"""

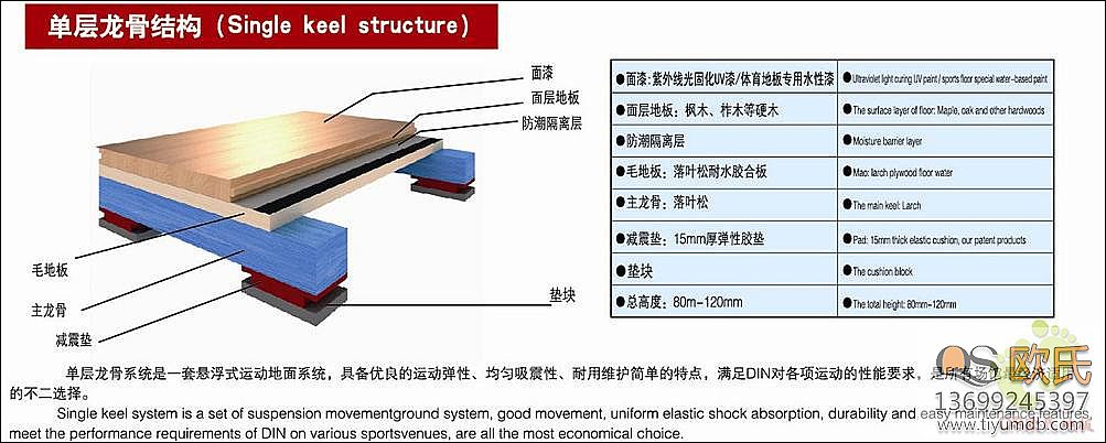 生 產(chǎn) 商 歐氏單層龍骨體育木地板
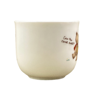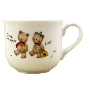 This is a smaller mug/teacup with artwork on its front surface featuring 2 bears.
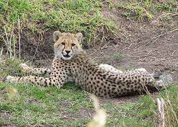 チーターはヨンさまだった 至福昼寝をしたあとは、午後のサファリが待っている。 午後のドライバーもヘンリー&デビットコンビだった。同乗者は、Nさんご夫妻のほかに、今日ご到着のKさんが加わった。 今回がデビューとなるKさんは、昨日の我々同様、謙虚になんでもOKという返事だったが、せっかくなら、というノリのNさんは違った。 「ジャッカル&ハイエナ!」 …し、しぶい。 「…… difficult.」そう応えるしかないようだった。でも、明日遠出すれば観られるかもしれない、とも言っていた。 僕はもちろん迷わず応えた。 「Standing lion!!」 だって、まだ一度としてライオンが立っている姿を見たことないんだもの…。 「OK,ハイエナ&ジャッカル、&スタンディングライオン!!」 ランクルは今日も陽気に発進した。 今日も道々にいるマサイの牛たちが、水場で水を飲んでいた。
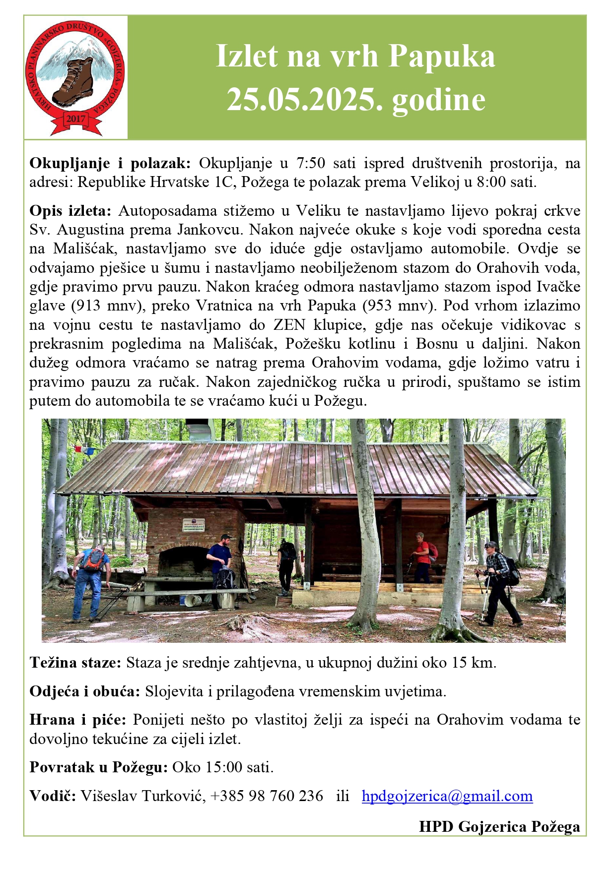 VELIKA – Planinari HPD Gojzerica Požega ove nedjelje uputili su se na vrh Papuka (953 mnv) pod stručnim vođenjem predsjednika Višeslava Turkovića, dok je zaleđe čuvao potpredsjednik društva Boro Jukić.
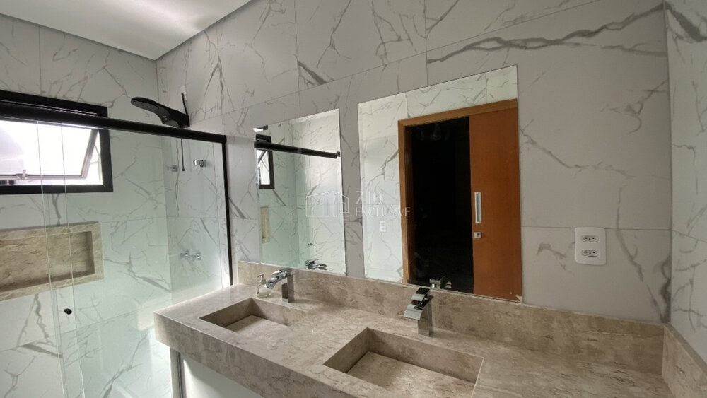 Banheiros das suítes completos, com bancadas em granito, box, chuveiros e acessórios.
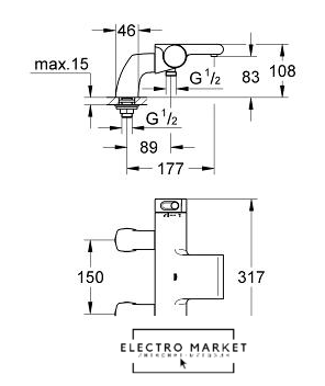 однорычажный смеситель для ванны и душа, монтаж на стену
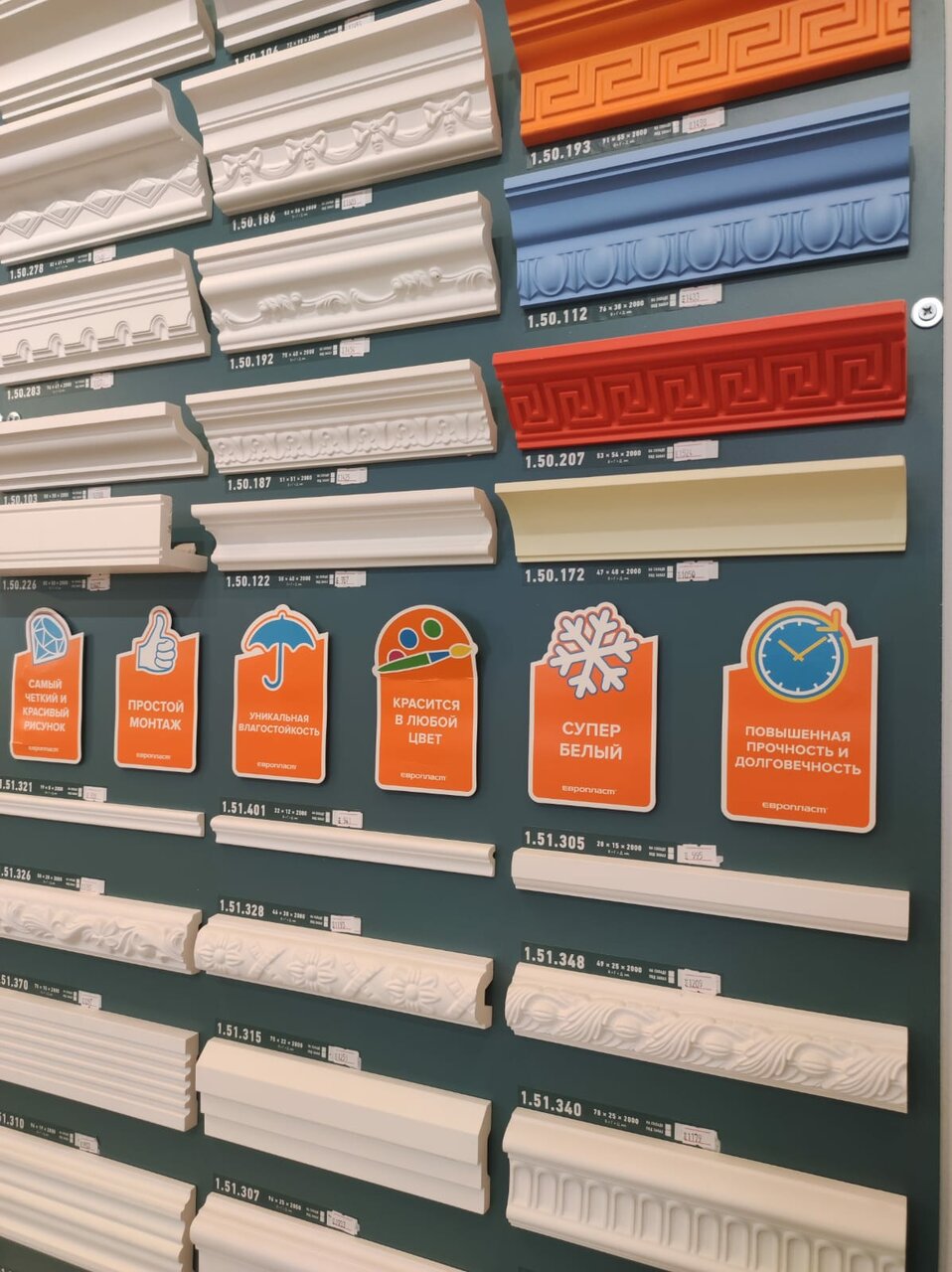 Европласт — строительный магазин в Санкт-Петербурге, предлагающий лепнину из полиуретана и стеновые панели для ремонта и отделки. Расположен по адресу: Дальневосточный проспект, 14, этаж 1, секция 101. Режим работы: пн-пт 11:00–20:00, сб-вс 11:00–18:00. Контакты: +7 (812) 500-09-35, сайт: (https://evroplast.top/).

"""

#### [YOUR TASK]
Exactly as written above, print every line of the data but not its pictures.

#### [EXERCISE SOLUTION]
 生 產(chǎn) 商 歐氏單層龍骨體育木地板
 This is a smaller mug/teacup with artwork on its front surface featuring 2 bears.
 チーターはヨンさまだった 至福昼寝をしたあとは、午後のサファリが待っている。 午後のドライバーもヘンリー&デビットコンビだった。同乗者は、Nさんご夫妻のほかに、今日ご到着のKさんが加わった。 今回がデビューとなるKさんは、昨日の我々同様、謙虚になんでもOKという返事だったが、せっかくなら、というノリのNさんは違った。 「ジャッカル&ハイエナ!」 …し、しぶい。 「…… difficult.」そう応えるしかないようだった。でも、明日遠出すれば観られるかもしれない、とも言っていた。 僕はもちろん迷わず応えた。 「Standing lion!!」 だって、まだ一度としてライオンが立っている姿を見たことないんだもの…。 「OK,ハイエナ&ジャッカル、&スタンディングライオン!!」 ランクルは今日も陽気に発進した。 今日も道々にいるマサイの牛たちが、水場で水を飲んでいた。
 VELIKA – Planinari HPD Gojzerica Požega ove nedjelje uputili su se na vrh Papuka (953 mnv) pod stručnim vođenjem predsjednika Višeslava Turkovića, dok je zaleđe čuvao potpredsjednik društva Boro Jukić.
 Banheiros das suítes completos, com bancadas em granito, box, chuveiros e acessórios.
 однорычажный смеситель для ванны и душа, монтаж на стену
 Европласт — строительный магазин в Санкт-Петербурге, предлагающий лепнину из полиуретана и стеновые панели для ремонта и отделки. Расположен по адресу: Дальневосточный проспект, 14, этаж 1, секция 101. Режим работы: пн-пт 11:00–20:00, сб-вс 11:00–18:00. Контакты: +7 (812) 500-09-35, сайт: (https://evroplast.top/).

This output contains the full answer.